Friday, June 18, 2010

Many waters cannot drown love


Fortunately there are still a lot of mysteries in my life - most of them concern the reasons for my own behaviour in situations that other adults navigate through like ducks on a pond.

From my own poor point of view most of them come from my innate limitations in seeing and understanding what is directly in front of my nose.

Case in point - we are really not supposed to use our personal tech on the floor of the Orchard unless specifically authorized to do so. I admit to being called out on it twice already so I promised the Store - by promising myself - that I would not do so again unless a real need arose...

... And that happened today.

A client asked for a trainer that either knew how to use sign language or had very clear handwriting - she was profoundly deaf and had very little intelligable speech.

But ye gods and little fishes did she have a wonderful smile in that grey-haired head.

I know, amongst many things I know I should know, that I should know how to sign. One of my colleagues - currently on vacation, of course - is also profoundly deaf; an interpeter is hired for him during storewide meetings and other functions.

But he wasn't there today and I was on my own.

Or, actually, I wasn't. It may be a truism but it really does take two to make a conversation and my client was willing to put up with my limitations in order to learn her computer.

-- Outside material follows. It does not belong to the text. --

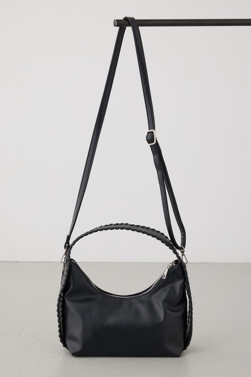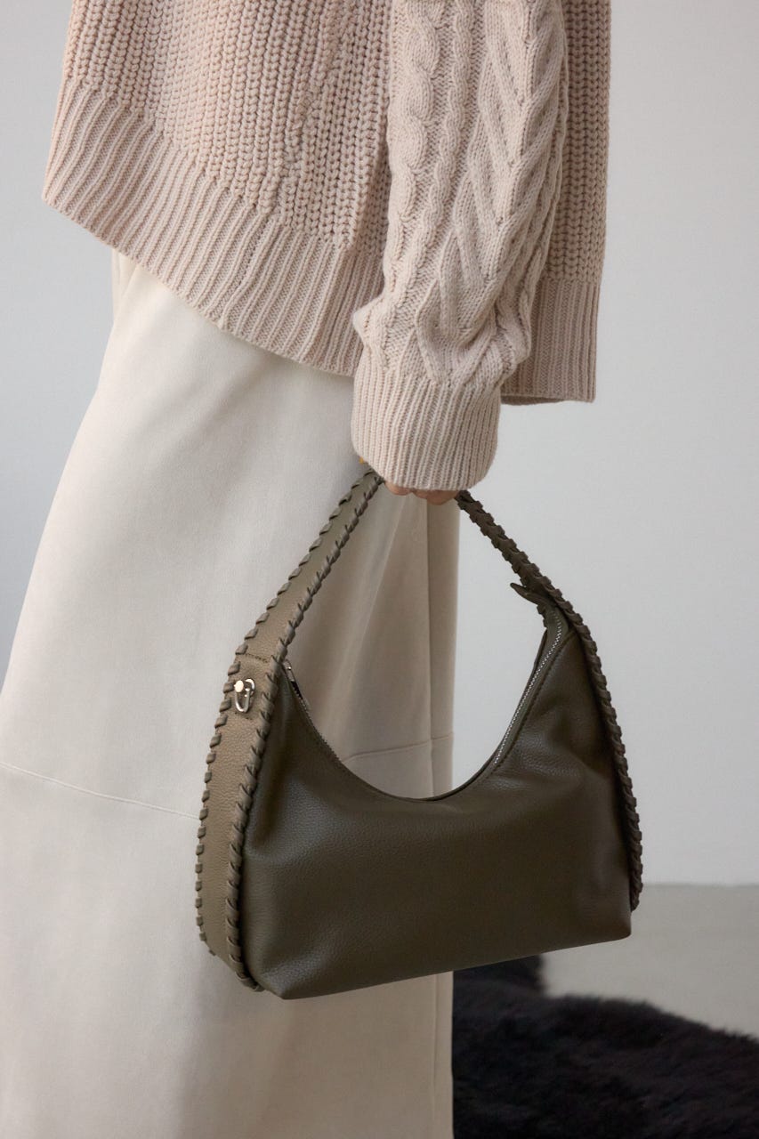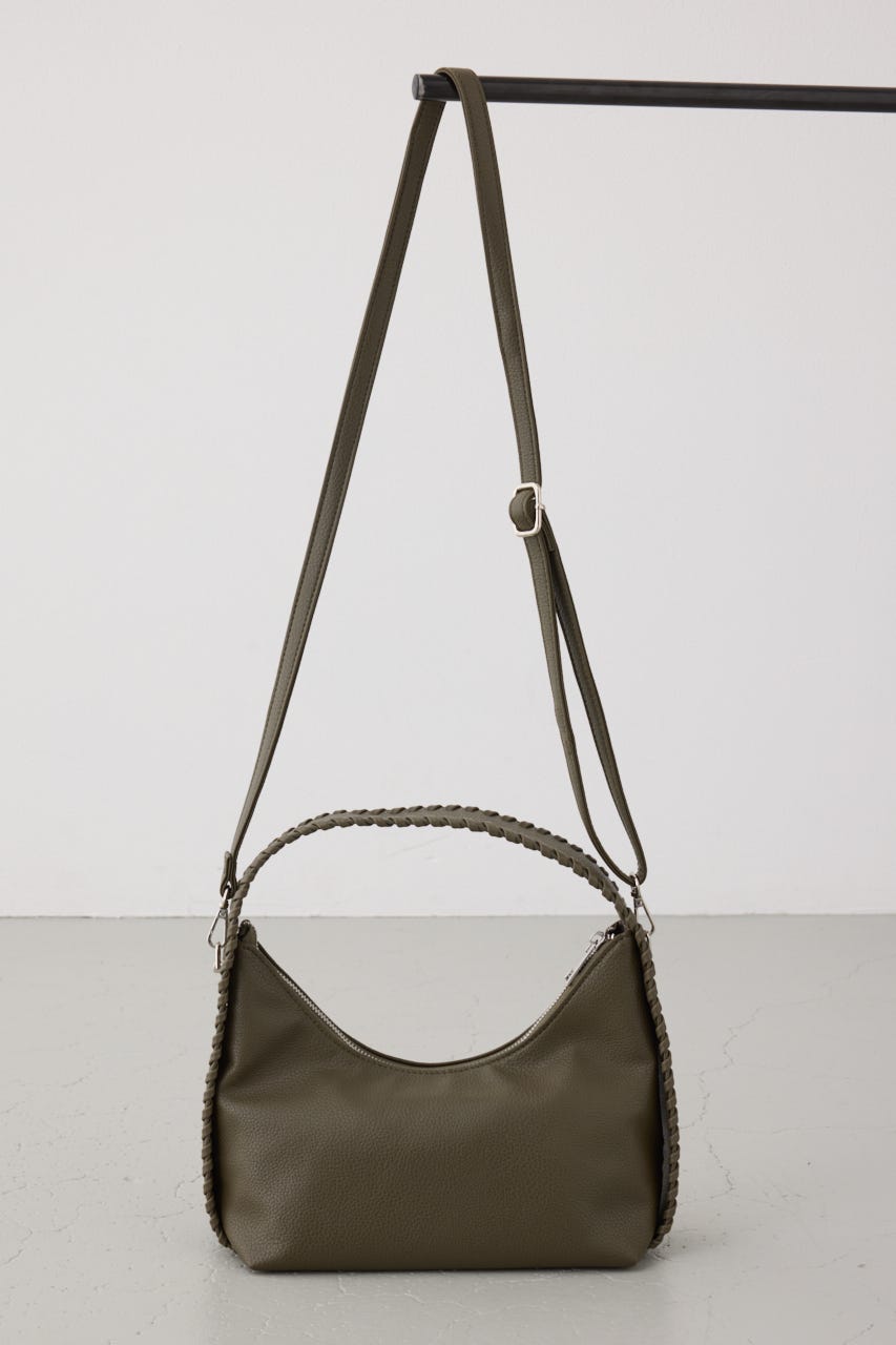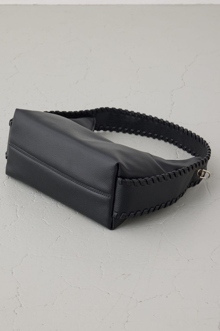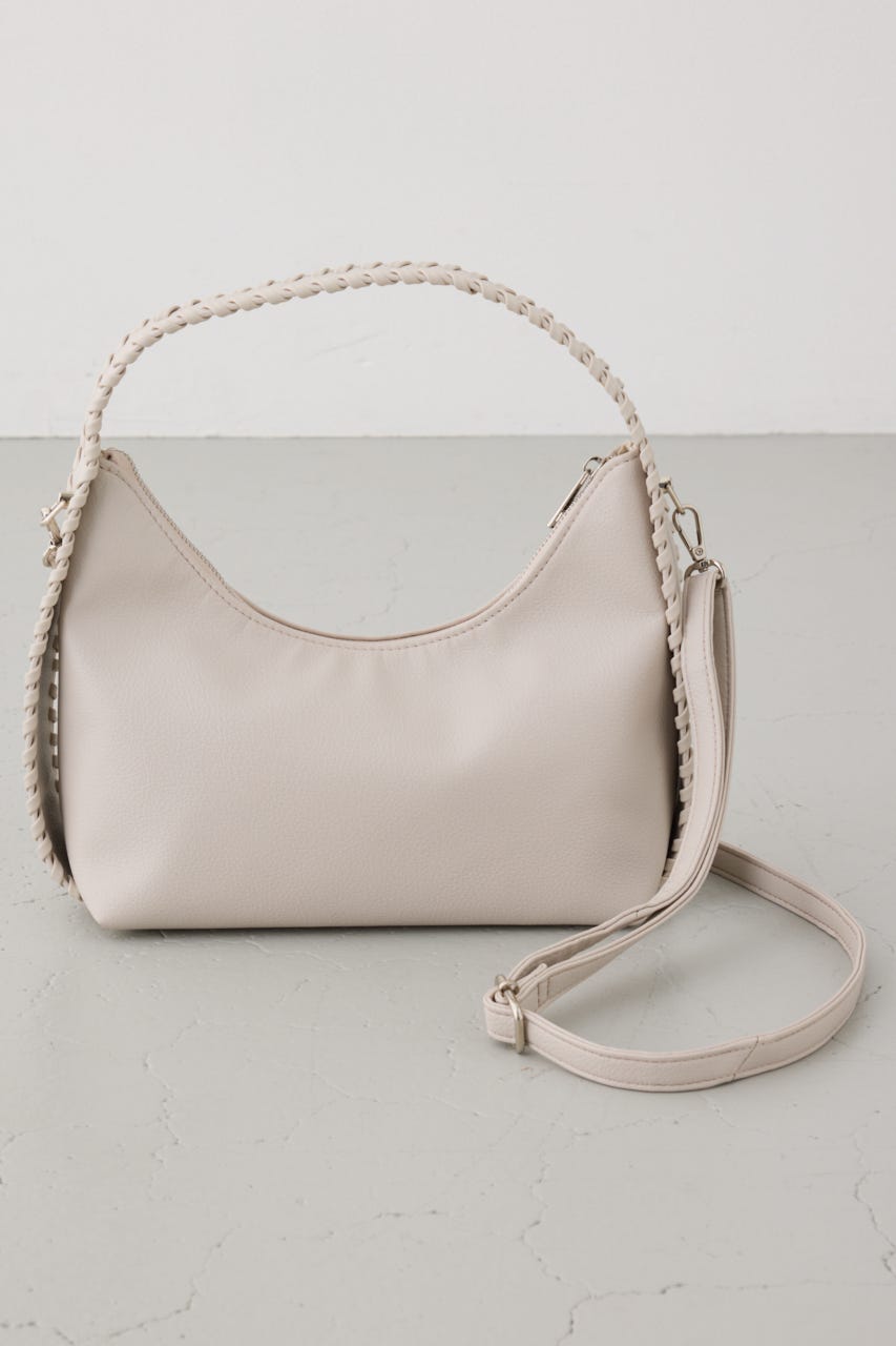 持ち手からサイドにかけた縫込みデザインがアクセントの、ハンド・ショルダーの2WAYで使えるバッグ。

Well, it takes two and one should have an iPad with Dragon Dictation loaded on it.

I was able to show her what to do by gesture, dictate the instructions into the iPad, email it to myself and then print it out so we could then write clarifications on it.

Strangely her handwriting was almost as bad as mine.

Still, we managed it. She learned the tasks she needed and, more importantly, learned why it worked the way it did, which meant she could then advance her work at home.

I suppose I tried to vocalize during the first ten minutes. After that, with the exception of doing the dictation I was silent for almost 40 minutes.

We parted with a warm handshake. I didn't use my voice until I got Back Of House.

Suddenly the intensity of concentration broke and tears came. Not in a choking flood, which is how I usually release intense emotion but in a quiet mistiness, a sense of overflowing feeling.

Now that I think of it I sometimes get the same feeling when dancing tango or when listening to a new piece of music I've written.

Connecting with people is important and, at least for me, is as natural a part of my life as swimming is for a fish - it's just a natural part of my environment ...

... except, of course, when it's not, and I am barely human.

But that is another tale for another evening.